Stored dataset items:

»»

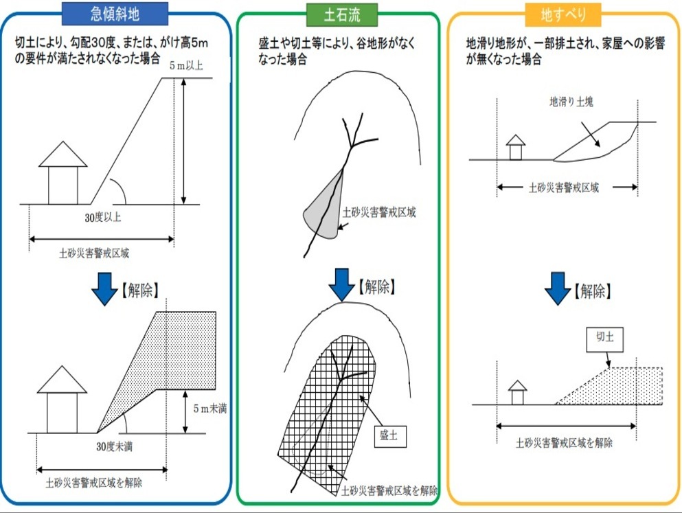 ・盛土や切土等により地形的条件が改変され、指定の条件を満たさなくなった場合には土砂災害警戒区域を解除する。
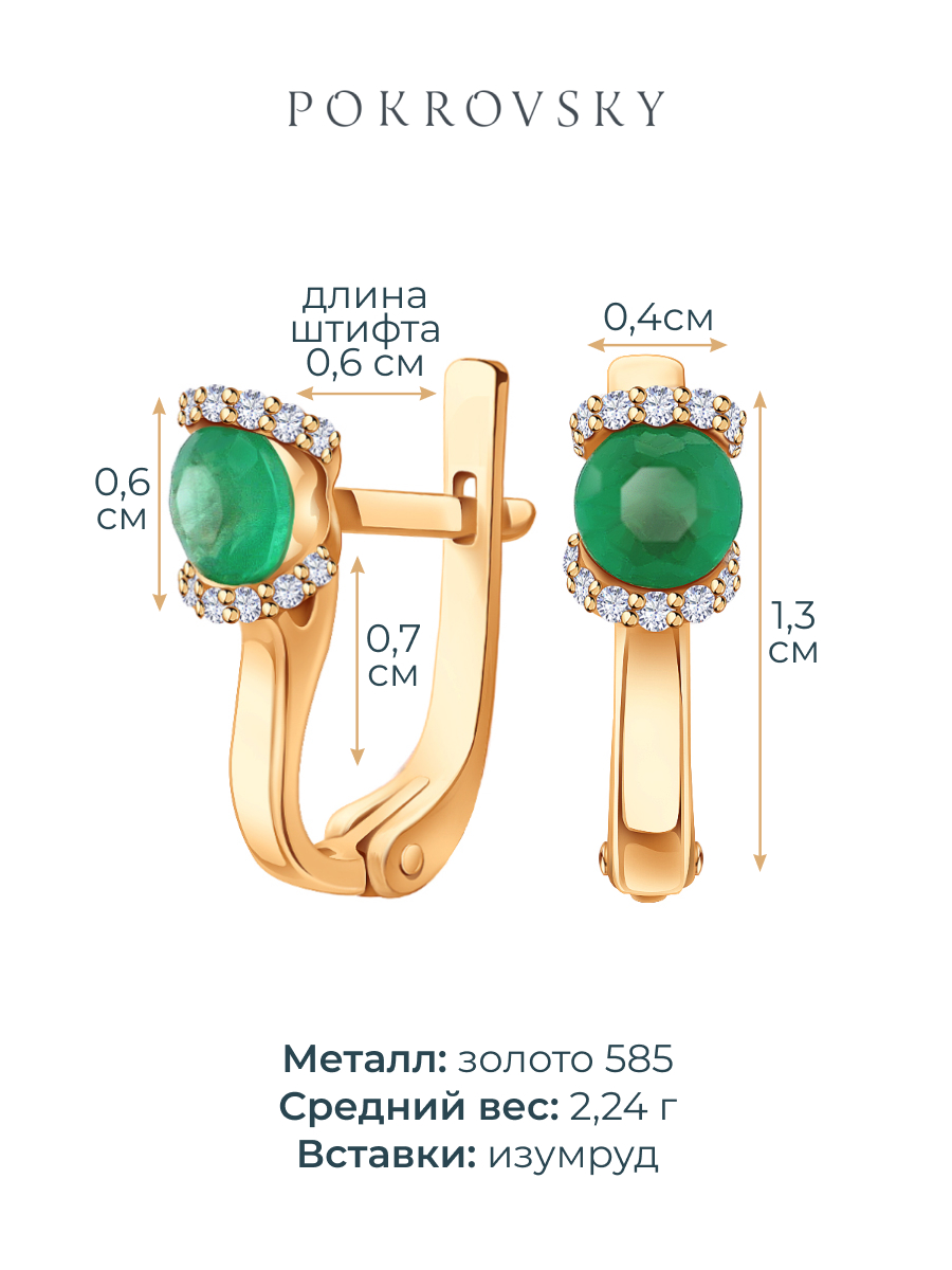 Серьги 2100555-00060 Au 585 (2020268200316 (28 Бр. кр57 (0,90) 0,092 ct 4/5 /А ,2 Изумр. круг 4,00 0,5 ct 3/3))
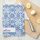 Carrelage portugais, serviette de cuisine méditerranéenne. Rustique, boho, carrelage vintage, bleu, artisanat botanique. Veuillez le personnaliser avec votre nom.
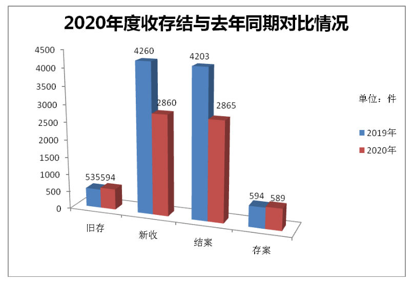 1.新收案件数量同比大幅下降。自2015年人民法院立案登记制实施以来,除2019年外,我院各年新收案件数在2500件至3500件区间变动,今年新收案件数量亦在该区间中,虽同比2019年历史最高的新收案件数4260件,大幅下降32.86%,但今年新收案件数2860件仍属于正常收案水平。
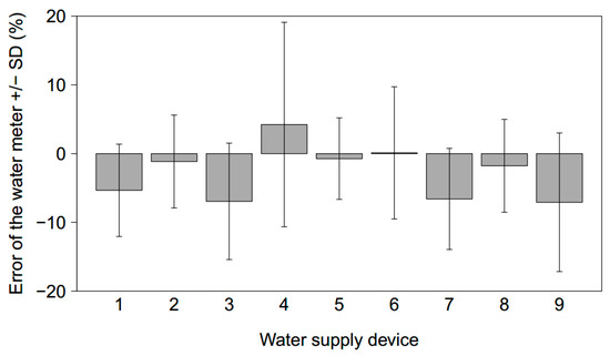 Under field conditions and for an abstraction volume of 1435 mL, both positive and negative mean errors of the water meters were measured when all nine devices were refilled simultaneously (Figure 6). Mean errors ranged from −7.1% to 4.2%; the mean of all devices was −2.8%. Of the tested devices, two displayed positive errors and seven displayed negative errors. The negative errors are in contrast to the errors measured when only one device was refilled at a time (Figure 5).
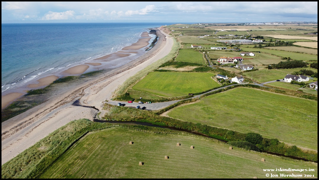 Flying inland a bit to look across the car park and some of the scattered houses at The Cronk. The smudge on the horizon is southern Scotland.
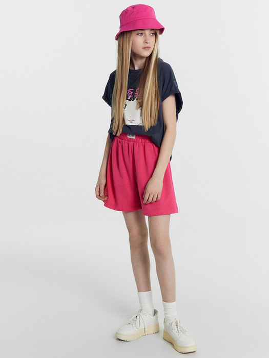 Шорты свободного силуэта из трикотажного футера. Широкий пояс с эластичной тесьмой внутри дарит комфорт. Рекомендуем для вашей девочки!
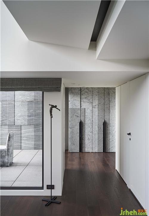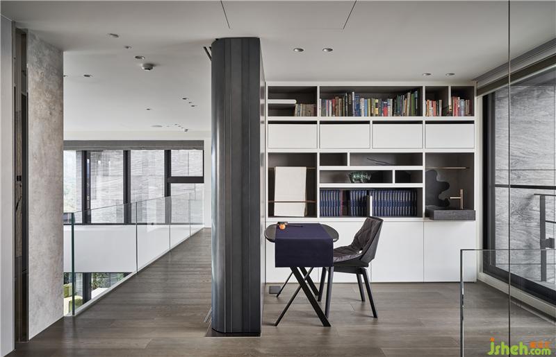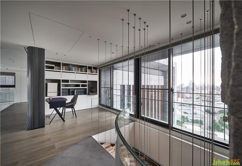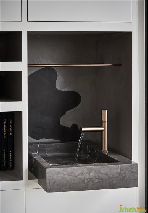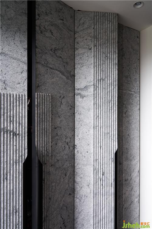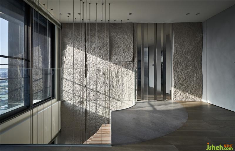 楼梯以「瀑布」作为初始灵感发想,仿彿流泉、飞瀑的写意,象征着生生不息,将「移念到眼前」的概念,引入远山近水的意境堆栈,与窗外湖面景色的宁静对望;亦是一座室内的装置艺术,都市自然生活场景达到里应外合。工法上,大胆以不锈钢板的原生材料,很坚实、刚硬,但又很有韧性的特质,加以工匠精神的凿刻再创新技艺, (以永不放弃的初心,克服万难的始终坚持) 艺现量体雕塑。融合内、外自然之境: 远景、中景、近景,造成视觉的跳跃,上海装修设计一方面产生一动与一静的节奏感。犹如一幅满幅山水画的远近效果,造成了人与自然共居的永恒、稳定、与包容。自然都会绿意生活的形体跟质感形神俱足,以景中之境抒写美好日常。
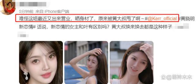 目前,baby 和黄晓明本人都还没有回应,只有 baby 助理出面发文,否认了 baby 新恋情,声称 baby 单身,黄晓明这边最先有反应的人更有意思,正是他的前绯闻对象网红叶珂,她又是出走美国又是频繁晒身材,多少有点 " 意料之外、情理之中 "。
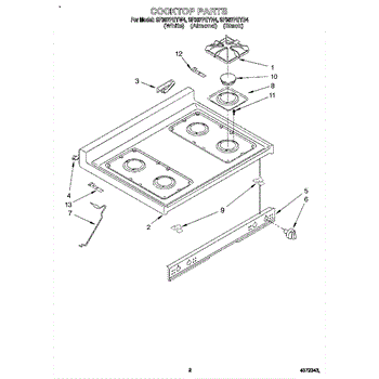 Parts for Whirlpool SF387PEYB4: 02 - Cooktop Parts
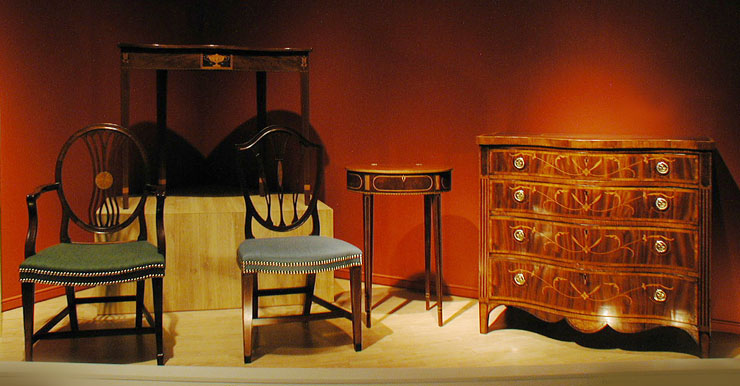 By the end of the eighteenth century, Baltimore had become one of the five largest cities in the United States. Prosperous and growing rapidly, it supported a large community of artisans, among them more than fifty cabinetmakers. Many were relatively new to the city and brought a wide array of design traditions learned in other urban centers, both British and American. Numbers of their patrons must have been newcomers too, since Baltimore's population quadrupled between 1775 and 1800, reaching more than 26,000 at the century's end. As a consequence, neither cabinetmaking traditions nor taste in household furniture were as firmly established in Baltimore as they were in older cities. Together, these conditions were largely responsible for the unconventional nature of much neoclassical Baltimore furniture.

««

REQUIREMENT
Repeat exactly the lines above, from the line that contains "Carrelage portugais, serviette" down through the line that contains "1.新收案件数量同比大幅下降". Include both of those lines and none of the pictures.

RESPONSE
 Carrelage portugais, serviette de cuisine méditerranéenne. Rustique, boho, carrelage vintage, bleu, artisanat botanique. Veuillez le personnaliser avec votre nom.
 1.新收案件数量同比大幅下降。自2015年人民法院立案登记制实施以来,除2019年外,我院各年新收案件数在2500件至3500件区间变动,今年新收案件数量亦在该区间中,虽同比2019年历史最高的新收案件数4260件,大幅下降32.86%,但今年新收案件数2860件仍属于正常收案水平。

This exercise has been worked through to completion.